カイト・カフェ

毎朝、苦みのあるコーヒーを・・・

「チケットはないが・・・」~日本人の道徳性

 先日のサッカー・アジアカップ、オーストラリア戦。
 ひとり足りない相手に結局PK戦というストレスの多い試合でした。しかしがそもそもサッカーというスポーツ自体がストレスフルなもので、選手がやたら髪を染めたり刺青をしたりサポーターが荒れるのも、そんなところに理由があるのかもしれません。

 1998年のフランス大会では、大量の日本人サポーターがフランスに渡ったものの、現地で渡されるはずのチケットが実際には存在せず、何千人もが屋外で観戦するという異常事態が起こりました。おまけに試合も全敗ですので、ストレスも極みです。

 しかしその中にあって、日本人サポーターは対戦相手へのエール、試合前後の国際交流、会場の清掃など、マナーの面で際立った姿を国際社会に見せました。

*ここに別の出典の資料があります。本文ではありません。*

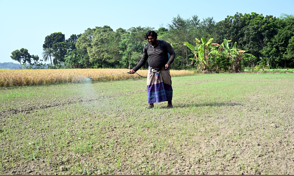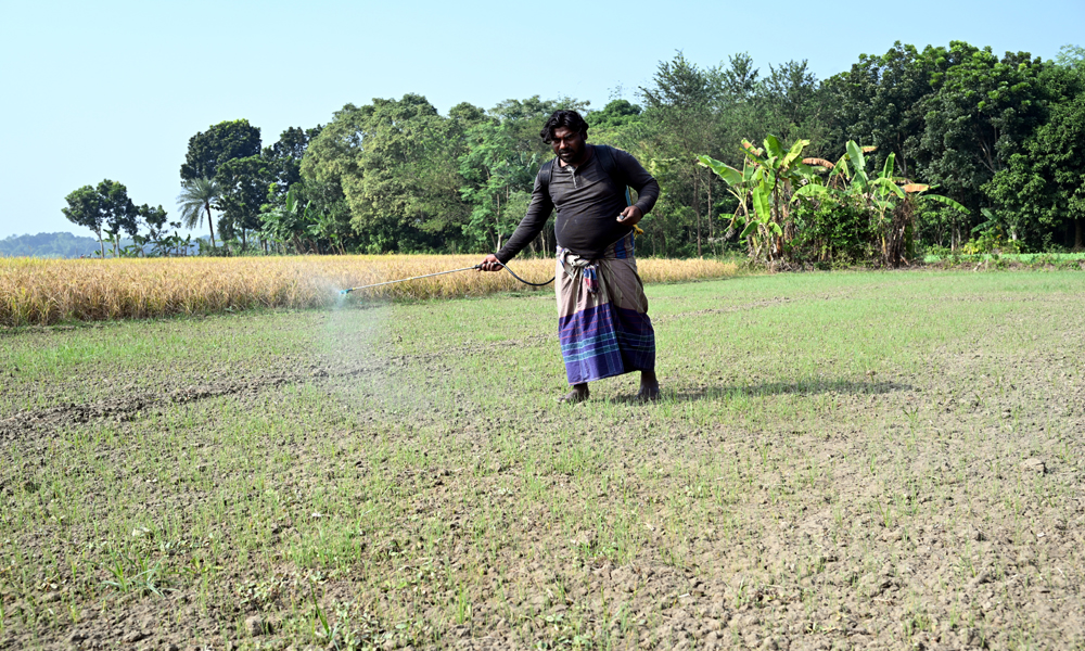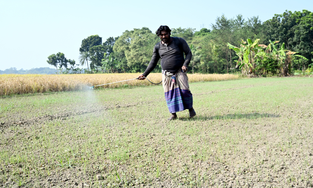পেঁয়াজ আবাদ মৌসূমে জমিতে রোপণের জন্য বীজতলা প্রস্তুত করেছে চাষীরা। হঠাৎ করে পেঁয়াজের বীজতলায় বেড়ে ওঠা চারায় পচন রোগ দেখা দিয়েছে। তাই ছত্রাক নাশক স্প্রে করছেন এক চাষী। মঙ্গলবার দুপুরে বেতবাড়িয়া ইউনিয়নের বনগ্রাম থেকে ছবিটি তোলা।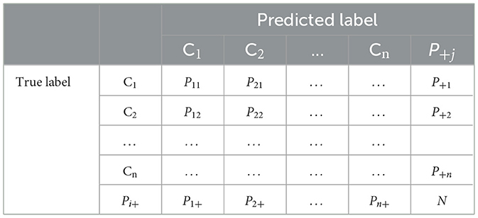 In this study, Kappa, recall, precision, and OA were used as the evaluation metrics, with the means of recall and precision values calculated for each category. Recall represents the probability that positive samples from a specific category are correctly classified, while precision represents the probability that samples predicted as belonging to a particular category are actually correctly classified. OA represents the proportion of correctly classified samples relative to the total sample count, and the Kappa measures the agreement between predicted and true labels, accounting for chance agreement. Table 6 presents a typical confusion matrix, with Kappa, precision, recall, and OA computed according to Equations 2–5.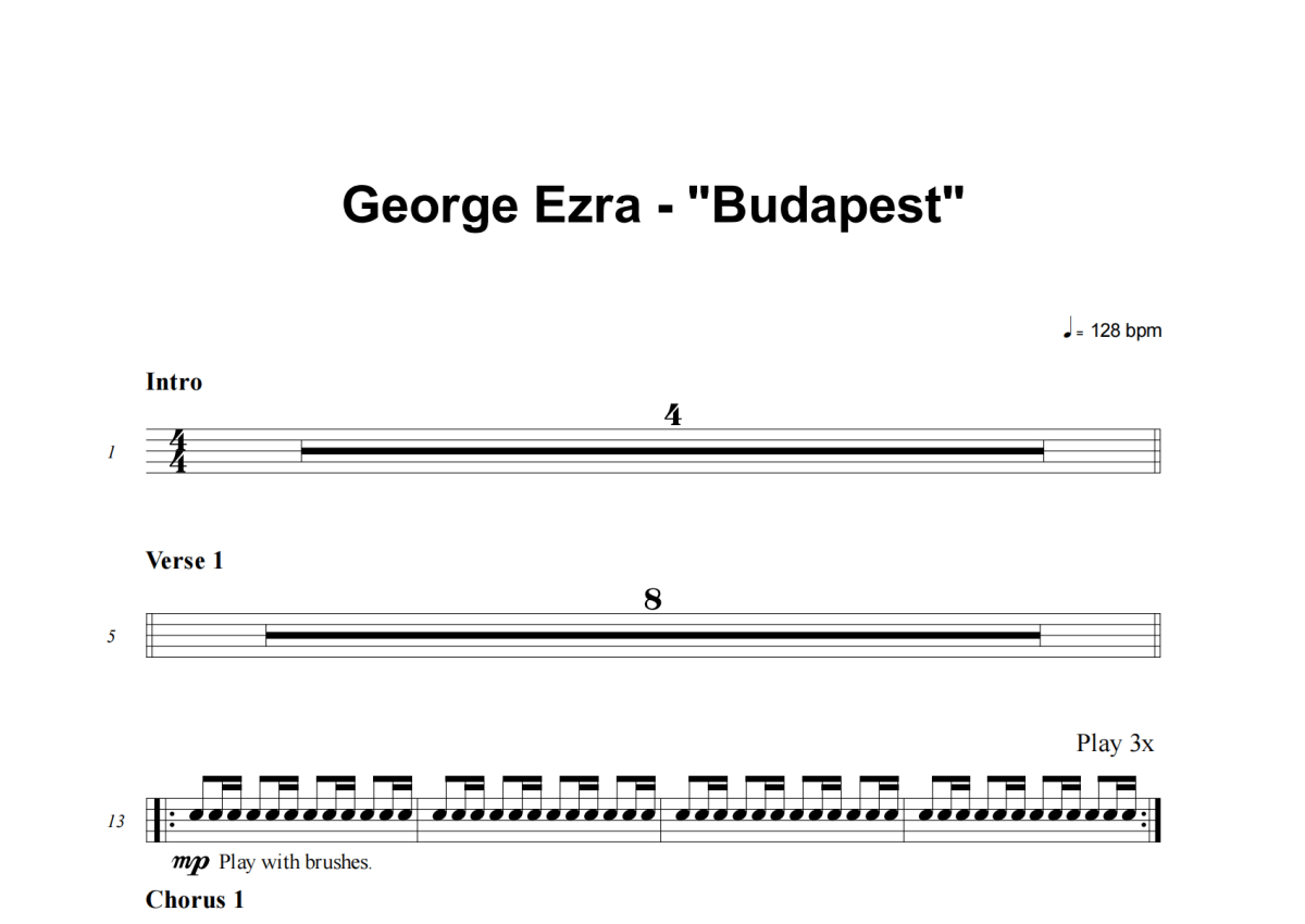 George Ezra《Budapest》架子鼓谱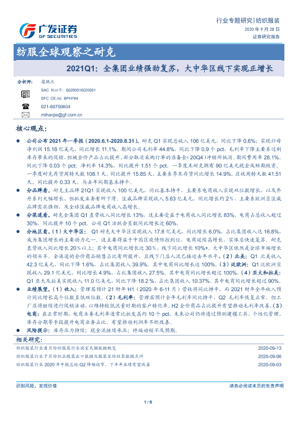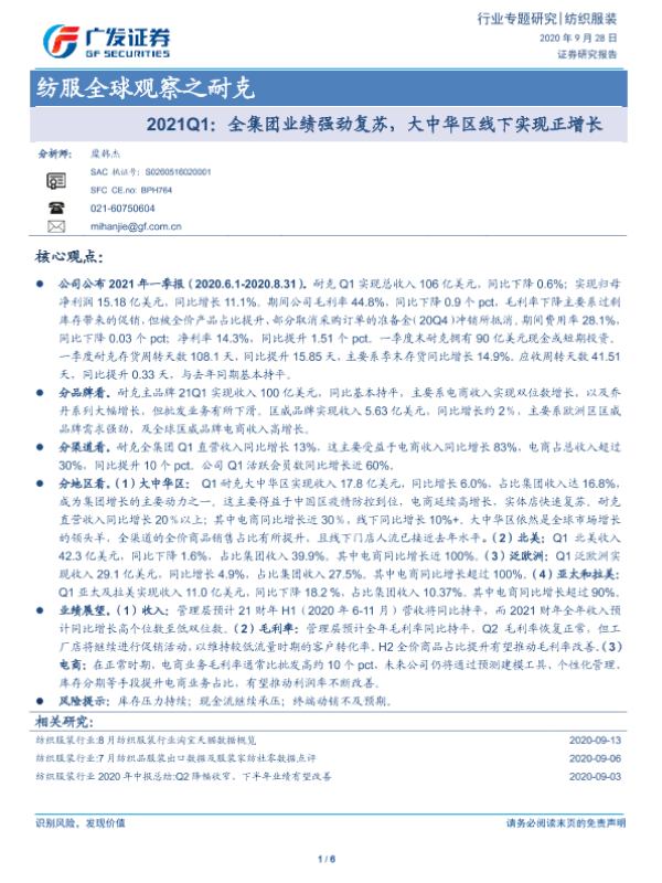 【广发证券】【20200928】纺服全球观察之耐克:2021Q1:全集团业绩强劲复苏,大中华区线下实现正增长-6页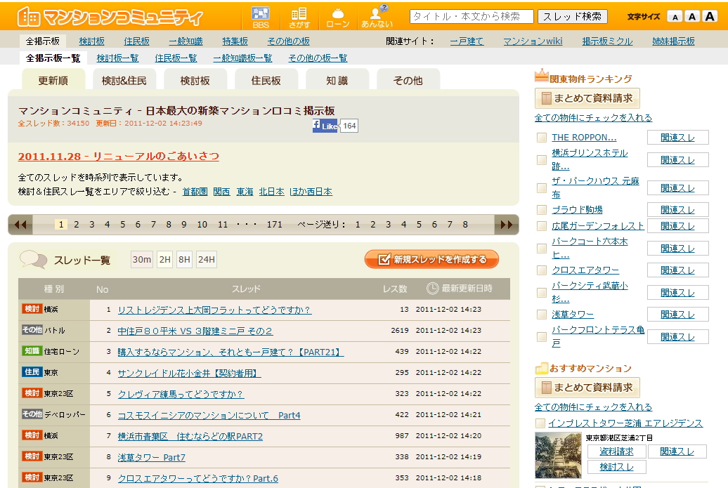 マンションコミュニティでは特集スレを立てて情報交換場所を提供 - 2011年11⽉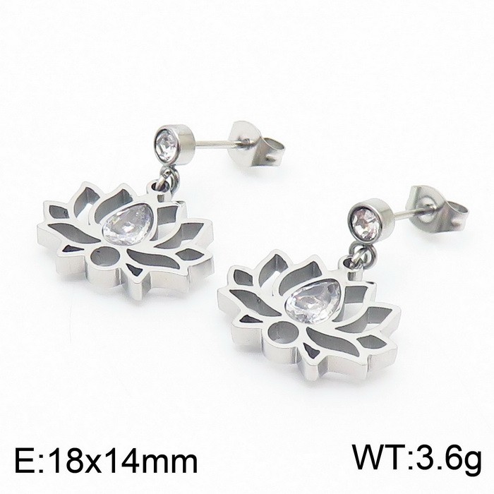 Silver-Plated Stainless Steel Lotus-Shaped Lightweight Women's Stud Earrings With CZ & GemstoneWholesale Price:
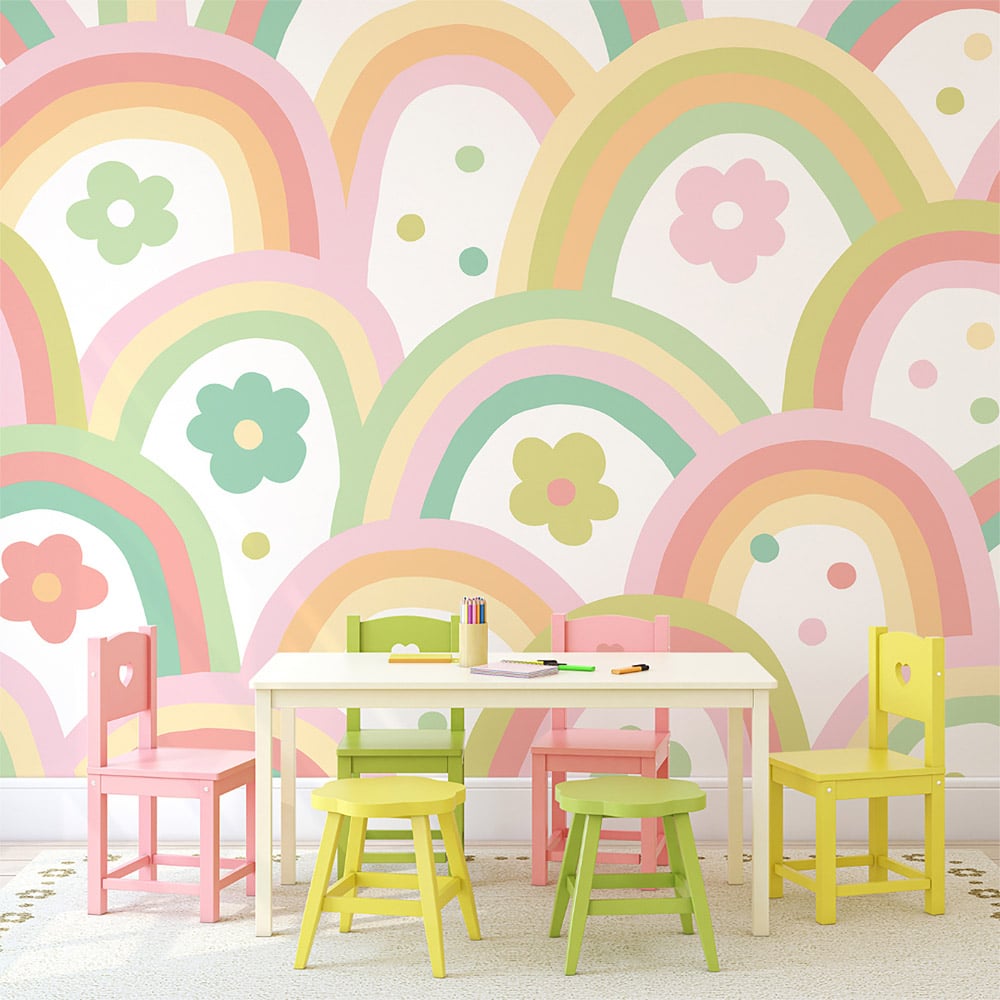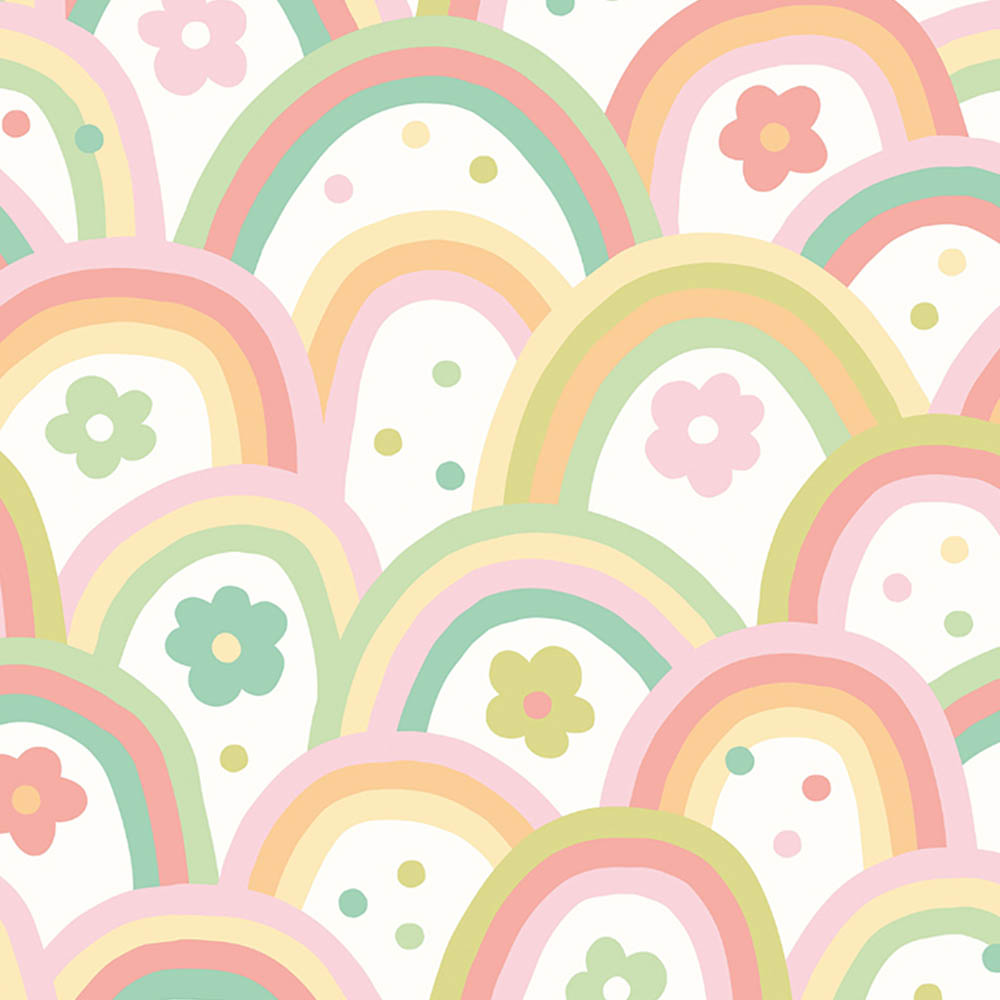 This charming wallpaper design showcases a delightful array of animals, plants, flowers, and trees, all playfully encircled by decorative dots, lines, and doodles. The single-colour background provides a clean, crisp aesthetic, while maintaining a light-hearted, Scandi-inspired feel. Perfect for adding a touch of playful sophistication to any room.
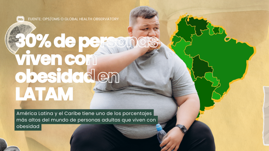 La transición nutricional, el alto costo de una dieta saludable y la urbanización acelerada han contribuido al aumento sostenido del exceso de peso en América Latina. En varios países de la región, más de un tercio de la población adulta presenta obesidad.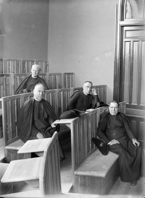 Un grupo de eclesiásticos (¿miembros del Cabildo?) posando sentados en una de las cátedras de las facultades de Medicina y Ciencias. Hilarión y Enrique Villuendas Torres. Colección de Carlos Marquina Arrieta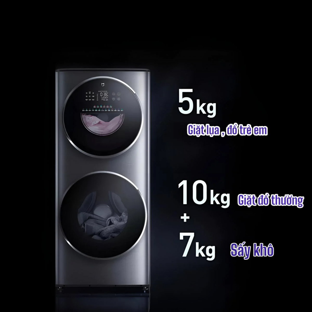 Máy Giặt Sấy Xiaomi Mijia 2 Tầng XM21 Giặt 15Kg Sấy 7Kg – Ion bạc khử trùng, sấy biến tần BLDC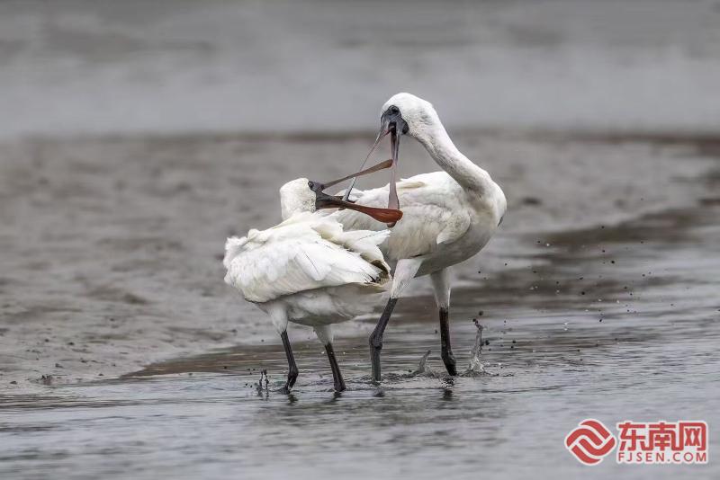 据了解,黑脸琵鹭是全球最濒危的鸟类之一,被誉为鸟类大熊猫;东方白鹳同样数量稀少,全球野生种群仅7000-9000只。黑脸琵鹭、东方白鹳对栖息地的要求极高,需要洁净的水源、丰富的食物和不受干扰的安全环境。它们的到来,不仅为这片美丽的滨海湿地增添了无限生机,也证明福宁湾湿地生态系统健康、生物多样性丰富,能够为这些濒危物种提供充足的食物和安全的停歇环境。

 もともとJリーグ発足の当時から、本格的サポーターは競技場にゴミ袋を持ち込み、試合後は清掃をして帰るのが習慣になっていましたから、フランスでも同じことをしたに過ぎません。しかしイギリスのフーリガンに代表されるように、サッカー観戦は大暴れし汚す場と心得ているヨーロッパの人々からみると、これはむしろ異様な光景だったようなのです。翌日の新聞には、日本人のこうした態度を絶賛する記事が新聞各紙に載りました。
「チケットはないが、エチケットならある」

 同じ日本人として非常に誇りに思うと同時に、こうした伝統は絶対に残していかなければと、強く思わされた出来事でした。